# WHAT IS REQUIRED
Using the entries below, write out the line with "Bryan Rhodes and", the line with "na język angielski.", and every line in between, exactly as each is written.
DATA EXTRACT Block Start
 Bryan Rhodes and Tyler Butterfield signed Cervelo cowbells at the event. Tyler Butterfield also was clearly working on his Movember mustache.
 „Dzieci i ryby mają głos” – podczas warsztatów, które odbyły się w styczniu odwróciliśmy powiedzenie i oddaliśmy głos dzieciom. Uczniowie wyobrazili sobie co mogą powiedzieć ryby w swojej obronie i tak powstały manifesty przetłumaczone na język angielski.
DATA EXTRACT Block End
DATA EXTRACT Block Start
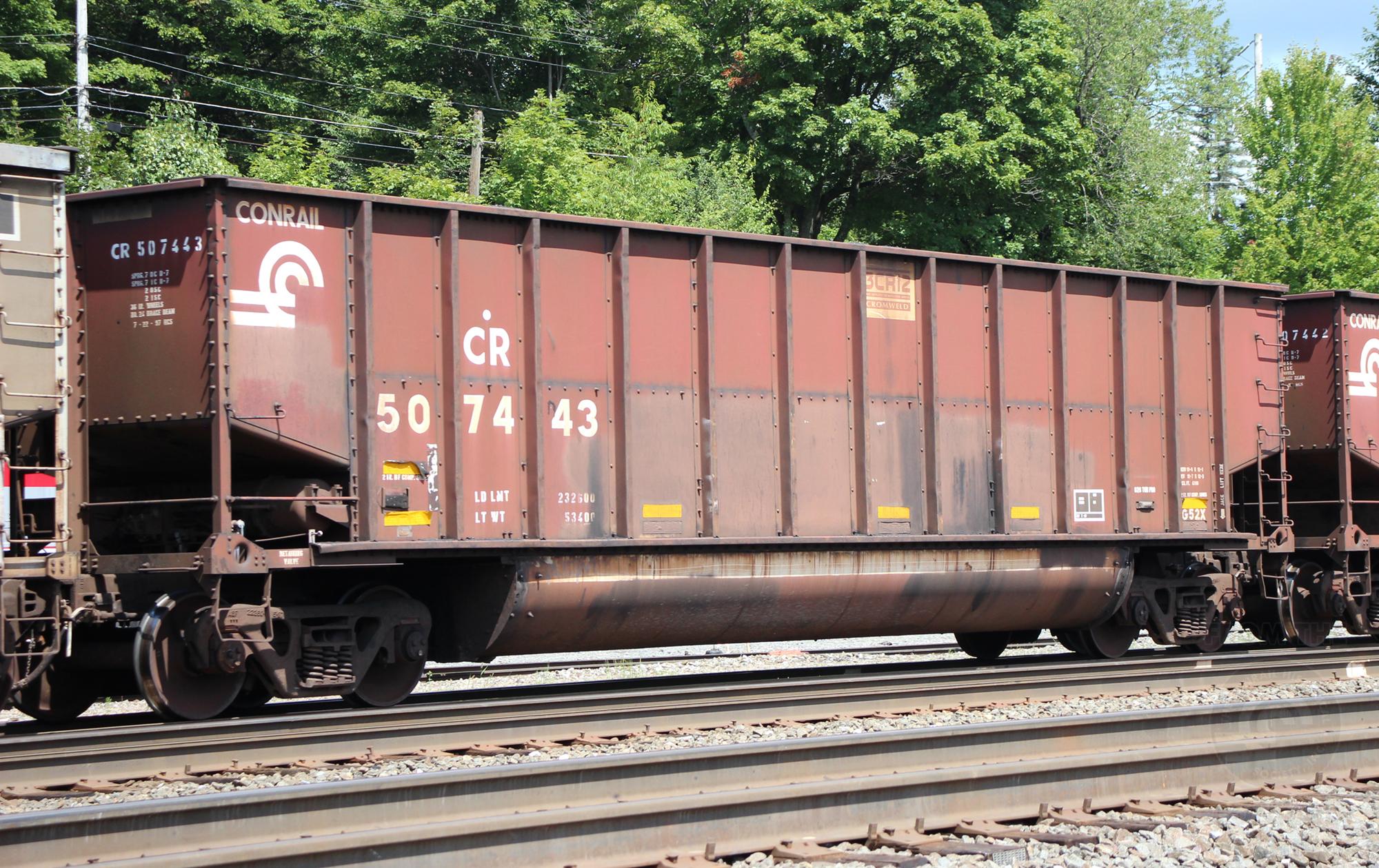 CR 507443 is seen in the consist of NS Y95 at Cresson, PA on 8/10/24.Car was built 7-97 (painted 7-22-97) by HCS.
DATA EXTRACT Block End
# TASK RESULT
 Bryan Rhodes and Tyler Butterfield signed Cervelo cowbells at the event. Tyler Butterfield also was clearly working on his Movember mustache.
 „Dzieci i ryby mają głos” – podczas warsztatów, które odbyły się w styczniu odwróciliśmy powiedzenie i oddaliśmy głos dzieciom. Uczniowie wyobrazili sobie co mogą powiedzieć ryby w swojej obronie i tak powstały manifesty przetłumaczone na język angielski.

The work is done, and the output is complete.